Participantes a Conferência Internacional Sobre o Consumo de Alcool e Drogas (Foto: Lino Guimaraes)

Participantes a Conferência Internacional Sobre o Consumo de Alcool e Drogas (Foto: Lino Guimaraes)

A Conferência Internacional sobre o “Consumo de álcool e drogas”, encerrada nesta sexta-feira, em Luanda, recomenda o aumento e a cooperação com todos os Estados e organizações internacionais, com destaque para os países da CPLP, em projectos comuns de partilha e gestão de informação estratégica e operacional de controlo do consumo do álcool e seus derivados, soube à Angop.

De acordo com o documento síntese da Conferência Internacional sobre o “Consumo de álcool e drogas”, promovida pela Fundação Eduardo dos Santos (FESA), foi recomendado igualmente a luta contra o tráfico de estupefacientes, bem como a actualização das leis existentes e criar condições para a criação de novos instrumentos jurídico-legais que abordem a problemática da produção, tráfico, venda e consumo de estupefacientes.

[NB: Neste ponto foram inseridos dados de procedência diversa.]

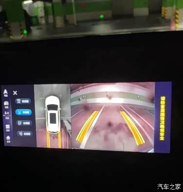 再回到全景影像上,操作也很便利,很多车需要挂R挡才能打开,小蓝呢,也可以通过方向盘左边的按钮打开,在起步、错车的时候一键就能打开,很实用,有一次从停车场出发,我就是通过全景影像,发现了车头下方的小猫咪。
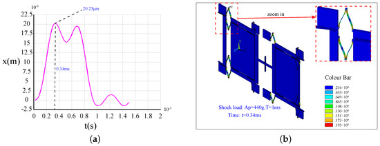 The shock response (a) and the stress distributions (b) at the maximum impact displacement of Type-A under a 440 g shock load.
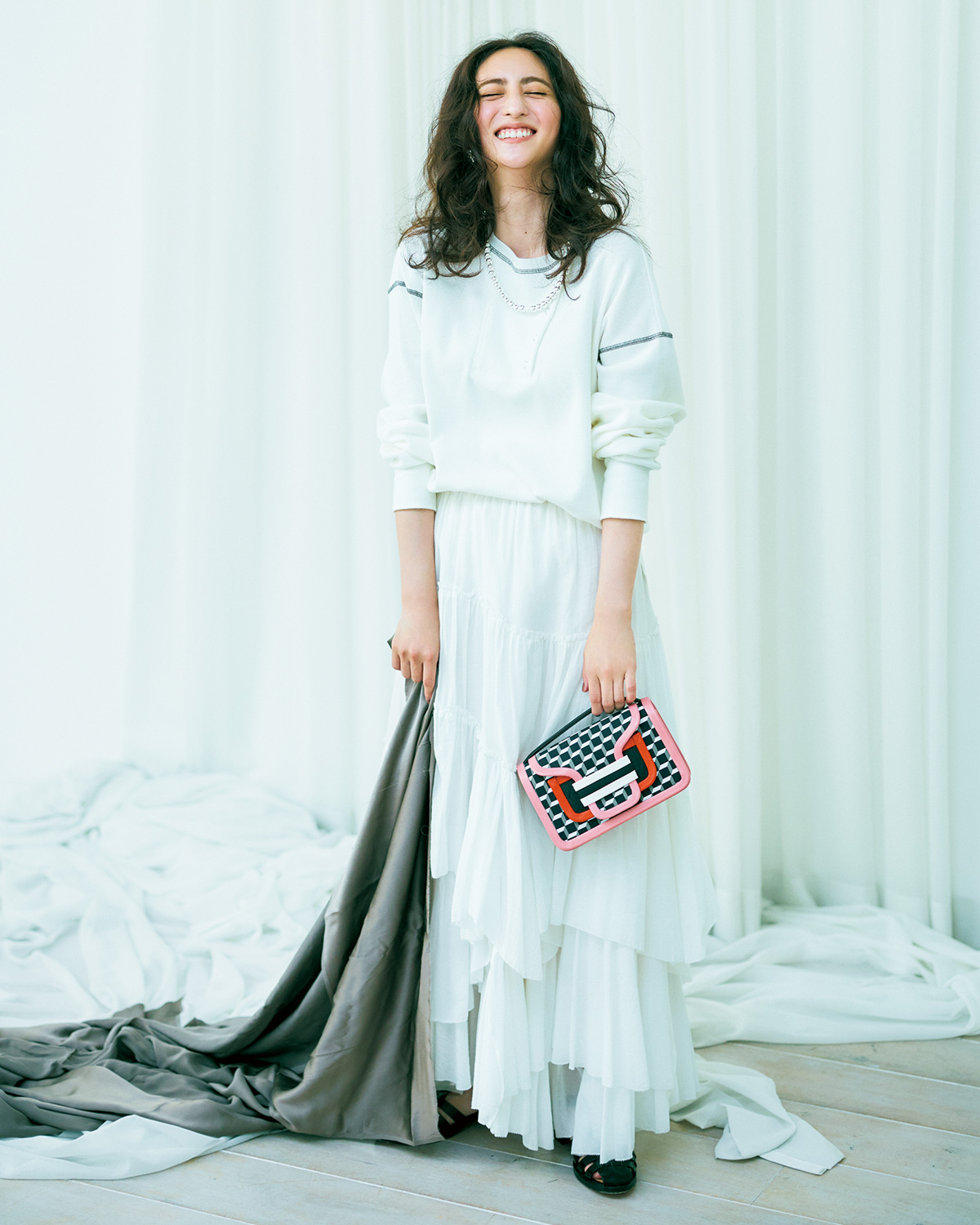 サーマルカットソー[オーガニック100%・日本製・日本の素材を使用]¥12,100〈スモールカーサフライン〉コットンティアードスカート[天然素材100%・再生繊維を使用]¥36,300〈カーサフライン〉(ともにCASA FLINE表参道本店)バッグ¥118,800(ピエール アルディ/ピエール アルディ 東京)サンダル¥20,680(アルアバイル)イヤリング¥6,300(アビステ)ネックレス¥58,080(ペヨテ バード/ZUTTOHOLIC)

O documento adianta que a conferência recomenda ainda a necessidade de se redefinir e aperfeiçoar as estratégias de actuação, bem como dotar as estruturas de competentes e sofisticados instrumentos e equipamentos nos pontos de controlo de passageiros, dos detidos, comerciantes e todos os intervenientes na cadeia do tráfico da droga.

A conferência recomenda ainda a necessidade de se realizar estudos em parceria com as instituições de ensino para o aprimoramento, tratamento, cruzamento e interligação dos dados estatísticos entre os diferentes sectores ministeriais e organismos ligados à produção, tráfico, venda e consumo da droga, com o objectivo de facilitar a elaboração, implementação e monitoria de uma Estratégia Nacional Integrada de Controlo.

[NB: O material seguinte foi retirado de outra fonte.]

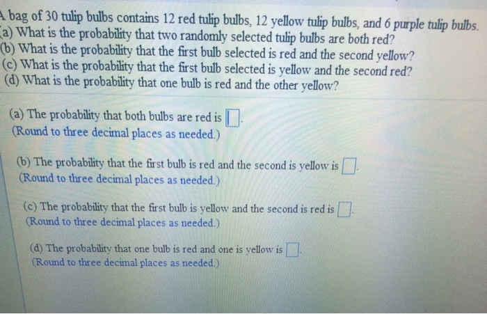 Solved Planting Tulips A Bag Of 30 Tulip Bulbs Purchased From A Nursery Contains 12 Red Tulip Bulbs 10 Yellow Tulip Bulbs And 8 Purple Tulip Bulbs Use A Tree Diagram Like The
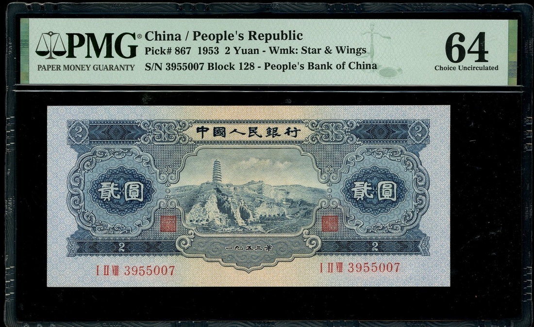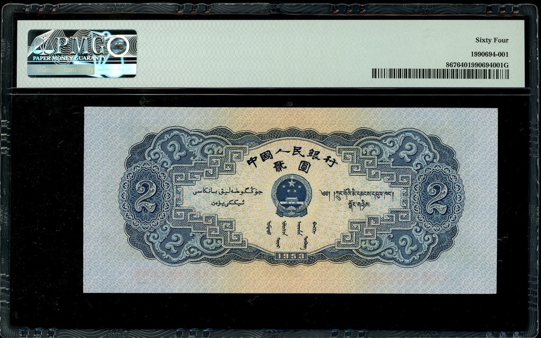 1953年中國人民銀行第二版人民幣2元,編號I II VIII 3955007,PMG 64
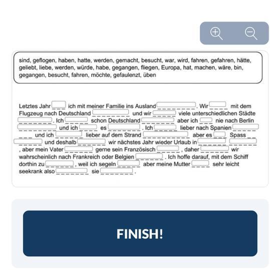 Letztes Jahr bin ich mit meiner Familie ins Ausland geflogen. Wir sind mit dem Flugzeug nach Deutschland gefahren, und wir haben viele unterschiedliche Städte besucht, aber ich bin nie nach Berlin gegangen, und ich liebe lieber den Strand, also möchte ich lieber nach Spanien.Aber es hat Spaß gemacht, und deshalb haben meine Familie und ich beschlossen, nächstes Jahr wieder Urlaub in Europa zu machen. Ich möchte gerne mein Französisch üben, daher werden wir wahrscheinlich nach Frankreich oder Belgien fahren. Ich hoffe darauf, mit dem Schiff dorthin zu fahren, weil ich Segeln liebe.
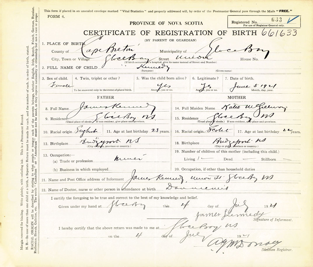 21. Name and Post Office address of Informant James Kennedy Union Street, Glace Bay
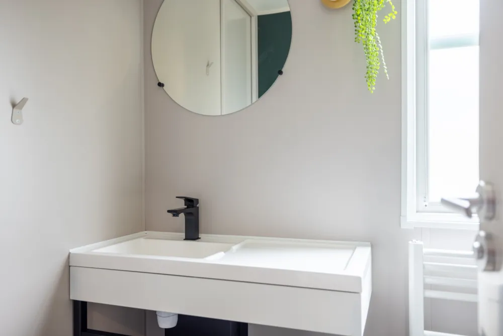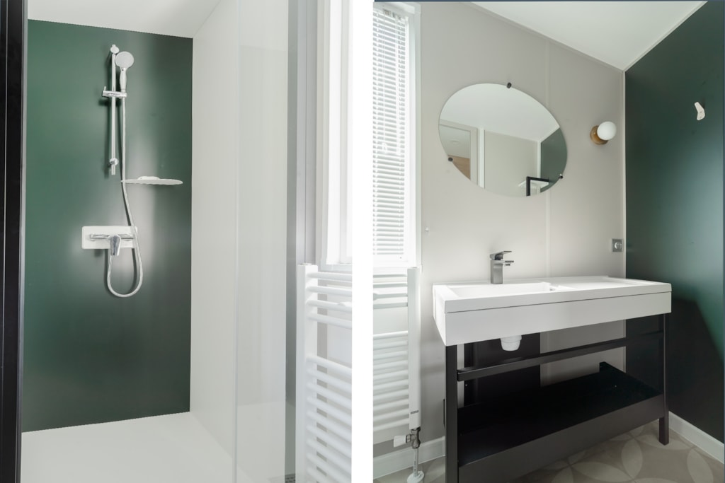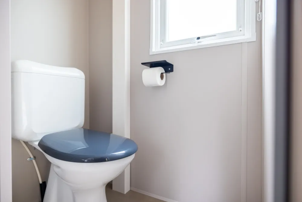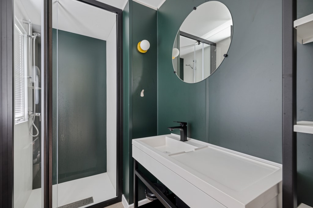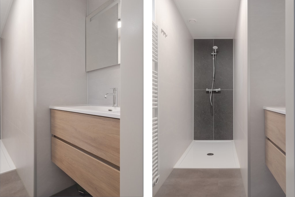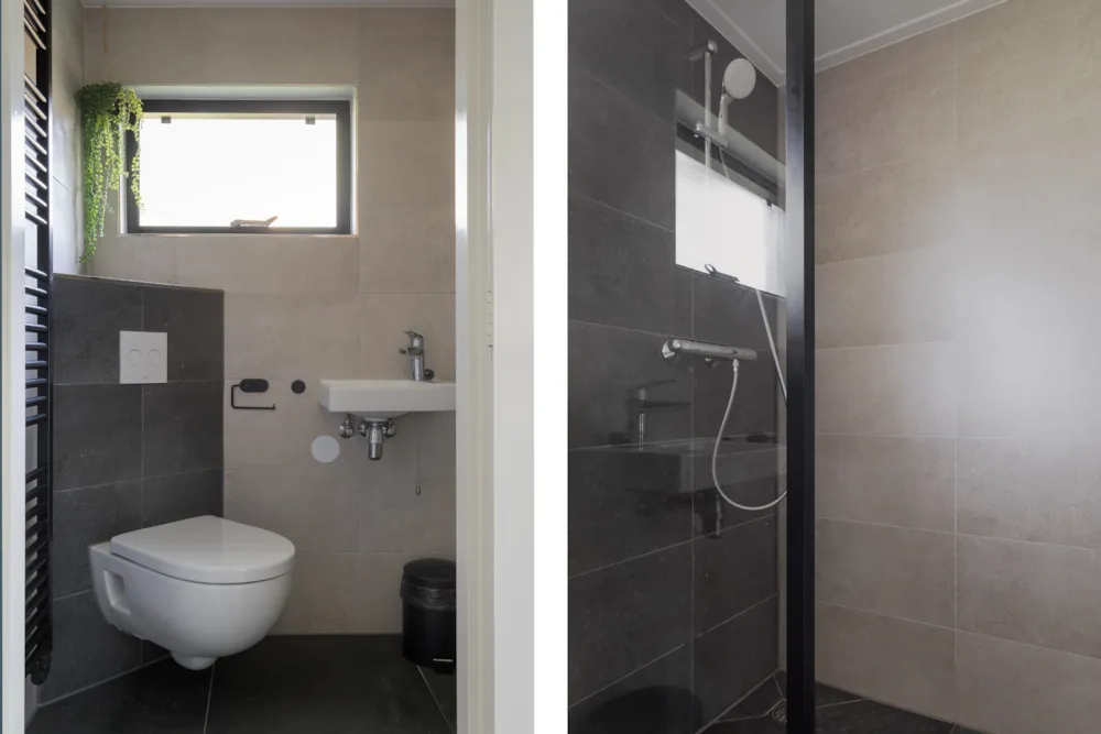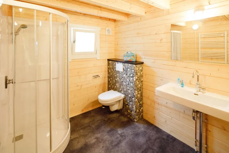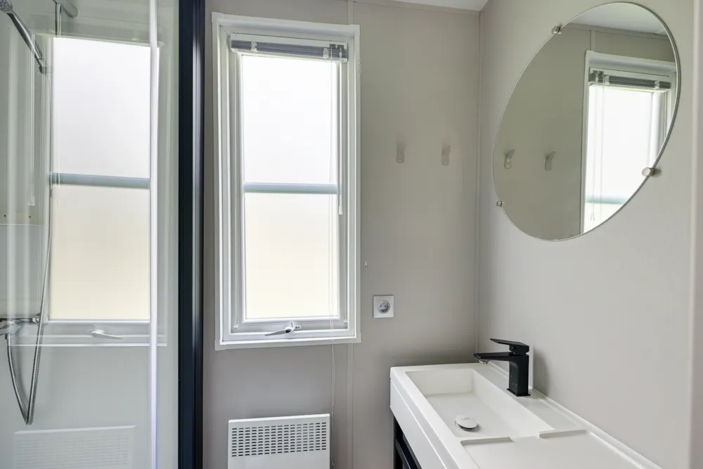 De bungalow heeft een badkamer met douche, wastafel en toilet.
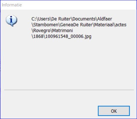 3. Een bijschrift bij de koppeling van de foto aan Giuseppe Fantoli. Dat zie je staan in het hoofdvenster als je Giuseppe Fantoli tot hoofdpersoon maakt.
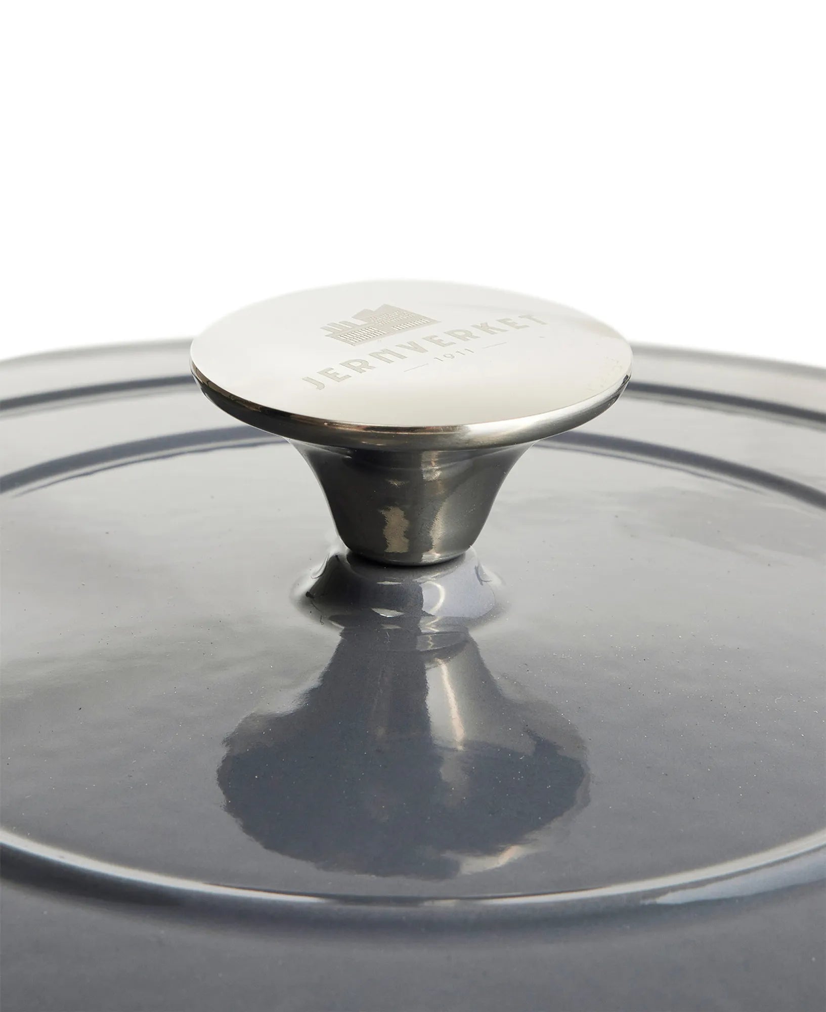 Pannan är tillverkad av högkvalitativt gjutjärn och täckt med en miljövänlig emalj, som inte bara skyddar pannan utan också är skonsam mot både dig och miljön. Emaljens hållbarhet säkerställer att din traktörpanna kommer att hålla i många år, samtidigt som den är enkel att rengöra och resistent mot fläckar och lukt. Insidan är belagd med en klassisk vit emalj, som ger en ren och tidlös look samt en lättskött yta att laga mat på. Locket är försett med en rostfri knopp som tål höga temperaturer och fulländar den eleganta designen.

Consta também das recomendações a pertinência do do reforço da parceria com os Órgãos da Comunicação Social em matéria de elaboração de conteúdos educativos sobre o álcool e drogas, bem como os canais, meios e horários de divulgação das mensagens.

Aumentar e aprimorar as mensagens educativas no seio das famílias, nos locais de trabalho e nos estabelecimentos de ensino, desencorajando as crianças, jovens e adultos para comportamentos que propiciem o desencaminhamento e adopção de práticas nocivas à vida humana são outras recomendações.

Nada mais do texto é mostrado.